Optimal Dredge Fleet Scheduling Tool from MarTREC
The U.S. Army Corps of Engineers (USACE) annually dredges hundreds of navigation projects through its fleet of government dredges and individual contracts with private industry.
Building on previous research with the USACE, the Maritime Transportation Research and Education Center (MarTREC) developed and implemented a scheduling optimization decision support tool that provides comprehensive sensitivity analysis regarding the impact of travel distance, idle time, varying dredge job sizes, available dredge equipment and the size of environmental windows.
Further, MarTREC has expanded the decision tool to allow for multiple dredge resources to work on a single job and/or in non-consecutive intervals, and for environmental windows to be enforced in a dredge-specific fashion.
MarTREC built a tool that suggested solutions for USACE’s decision of allocating dredge resources to projects system-wide under necessary constraints that included several factors:
1) environmental restrictions concerning when dredging can take place due to migration patterns of turtles, birds, fish and other wildlife;
2) dredge equipment resource availability;
3) varying equipment productivity rates that affect project completion times.
The optimization work is part of USACE’s ongoing initiative to take a systems operation research approach to aid in their maritime transportation decision processes.
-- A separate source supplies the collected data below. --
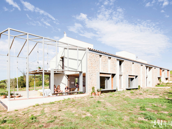 옛 시골집을 닮은 이곳의 시간은, 자연과 함께 천천히 흐른다. 건물 앞으로 주변과 열린 공간을 둔 것은 담담히 자연에 어울리고픈 가족의 마음이 반영된 결과다.취재 김연정 사진 Eugeni Bach▲ 대지를 가로지르는 긴 형태의 돌집은 그 모습 자체로 자연과 한데 어우러진다.▲ 창을 통해 주변 풍광이 한눈에 들어오는 높은 층고의 1층 내부주택은 최근 개발된 스페인 카마예라(Camallera) 외곽에 위치한다. 대지가 마을에 면하고 있어, 그 모습은 마을 내에서도 훤히 드러난다. 이 지역의 건축법규는 그렇게 까다로운 편은 아니었다. 신축 주택에는 그저 일반적인 특징만을 규정하는데, 예를 들어 석재로 외장마감을 한다거나 경사지붕을 ‘아랍(arab)’ 타일로 덮으라는 식이었다. 이러한 조례는 카탈로니아에서 신축 건물을 소위 ‘농가주택(masia)’이라 불리는 옛 시골집처럼 보이게 하려는 것이 주된 목적이다.이 프로젝트는 농가주택을 고립된 건물로 보지 않고, 전원적인 풍경을 배경 삼아 농지에 지어진 가치 있는 건축물로 생각하고자 했다. 진정한 농업적 맥락이 없는 전통 카탈로니아 주택이라면 의미가 없을 것이며, 단 10만 평방미터의 면적에 비슷한 주택만 스무 채 있다면 그 특별함도 훨씬 덜할 것이다. 따라서 전통적인 농가주택을 똑같이 따라 하기보다, 주변의 농장 창고들과 연계를 만들어내는 등의 또 다른 유형으로 촌락과 관계를 맺도록 설계 방향을 잡아나갔다.이 집의 공간구성은 창고의 논리를 따르는데, 커다란 입체를 만들고 그 속에 더 작은 유닛들을 밀접하게 배치하는 식이다. ‘창고’ 내 ‘상자’ 안에 침실과 주방 및 욕실을 배치하고, 그 사이를 가로지르는 시야와 동선은 집 주변의 풍경과 직접적인 관계를 만들어낸다.▲ 벽으로 가리지 않은, 외부로부터 열린 공간은 가족과 그들을 찾아온 지인들이 공유하는 쉼터가 된다.▲ 외벽의 프레임이 푸른 자연을 액자 속 그림처럼 담아낸다.House Plan 대지위치 : Camallera, Girona, Catalonia, Spain대지면적 : 300㎡(90.75평)견적사(QS) : Eulalia Cudola설계협력 : Carina Silva, Sara Matias, Albert Cabrer구조설계 : Masala consultors시공 : Calam-Tapias Construccions설계 : Anna & Eugeni Bach http://annaeugenibach.comSECTIONPLAN - 1F▲ 캐노피는 1층에서는 시원한 그늘을, 2층에서는 탁 트인 시야를 제공한다.▲ 늘 따사로운 햇살이 집 안 깊숙이 들어오고, 열린 창은 내·외부 경계를 허물었다. ▲ 깔끔한 인테리어와 벽을 활용한 공간 아이디어가 돋보인다.집 내부의 동선은 늘 외부 공간에 밀접하게 연결된다. 공용 공간은 높이도 높거니와 외부와 직접 관계함으로써 마치 항상 열린 공간에 있는 듯한 느낌을 주며, 주변의 풍경과 자연을 만끽하게 해준다. 이러한 아이디어에 따라, 이 집은 한쪽 끝에 빈 공간을 두었다. 이 외부 공간을 덮는 캐노피는 그늘과 시야를 제공할 뿐만 아니라, 외부에서 다시 집의 중심 공간이 된다. 아울러 집은 저에너지 건물로 설계되었다. 여름철 입면의 작은 개구부들과 북향 천창들로 맞통풍(Crossed Ventilation)을 유도하여 에어컨 없이도 집 안 온도를 쾌적하게 유지시켜 줄 시스템을 계획했다. 겨울철에 대비하여 벽두께와 단열을 더했고, 태양전지판과 연결된 고성능 우드칩 히터는 난방과 온수 기능을 모두 제공한다. 빗물은 지하저수조에 집수되었다가 정원과 화장실에 ‘재활용수’로 쓰인다. 시공을 위한 재료들은 모두 지역의 생산업자와 공급업자로부터 수급하였다.PLAN - 2F▲ 나무 바닥과 흰색 천장, 붉은 벽돌을 쌓아올린 벽면이 조화를 이뤘다.▲ 미닫이문을 여닫음으로써 내부는 언제든 공간변형이 가능하다.▲ 깔끔하게 타일로 마감된 욕실Anna & Eugeni Bach 건축가핀란드 출신의 Anna Bach와 스페인 출신의 Eugeni Bach가 운영하는 건축사무소로, 현재 스페인 바르셀로나에 기반을 두고 있다. 인테리어와 산업디자인을 비롯하여, 도시 계획에 이르기까지 건축과 관련한 다방면에서 활약 중이다. 그 능력을 인정받아 유럽의 여러 매체에 작품이 소개되었고, 다수의 건축상도 수상했다.※ 월간 <전원속의 내집> www.uujj.co.kr 본 콘텐츠의 저작권은 (주)주택문화사에 있으며, 이를 무단 이용하는 경우 저작권법 등에 따라 법적책임을 질 수 있습니다.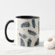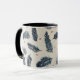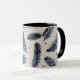 Une tasse à café au design de fougères rouge et bleu denim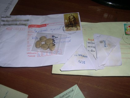 ขอบคุณ น้องป้าเล็ก ที่ส่งเม็ดถั่วครกรอบที่สองมาให้ หลังจากที่ครั้งแรกเพาะแล้วหลับไม่ยอมตื่น ครั้งนี้ถ้าเพาะไม่ขึ้นอีกสงสัยต้องโดนไม้เรียวแน่ ๆ และ น้องแอน ที่ส่งเม็ดลูกแห้มกับเม็ดมะระมาให้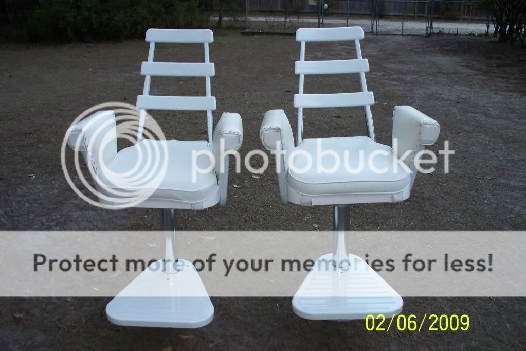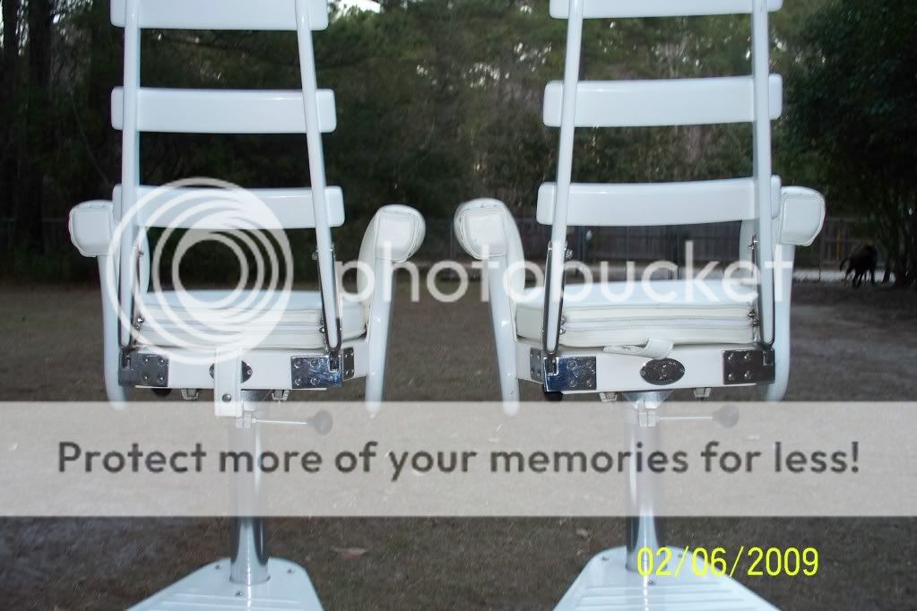 2 Pompanette helm chairs,have been in storage for approx. 6yrs, SST pedistals, with back cushions and footrests. $1200 OBO 843-338-8049

This work has offered a highly generalized dredge scheduling optimization framework for use by dredge planners. The work has already been transferred to USACE computing systems, and various versions of the developed model have been utilized in support of planning efforts on the West and East coast.
The results of the project show that partial dredging, dredge maintenance, modified mob/demob (mobilization and demobilization), costs/budgets, multiple dredges per job and multiple visits to jobs can all be allowed for in a constraint programming platform.
Using this platform, feasible solutions can be obtained to this complex model in a matter of minutes or hours. Evaluating the potential benefit on cubic yards dredged by considering each model enhancement suggests that these new flexibilities are significant for guiding practitioners to solutions (adding the discussed flexibilities to the models make a significant difference in the solutions obtained).
With a more flexible model and the potential for an increase in cubic yards dredged, comes a new set of computational challenges.
In addition to revealing how to model additional problem features, this project has revealed a number of new methodological challenges that need to be explored – increased solution space and more complex decision variable structure.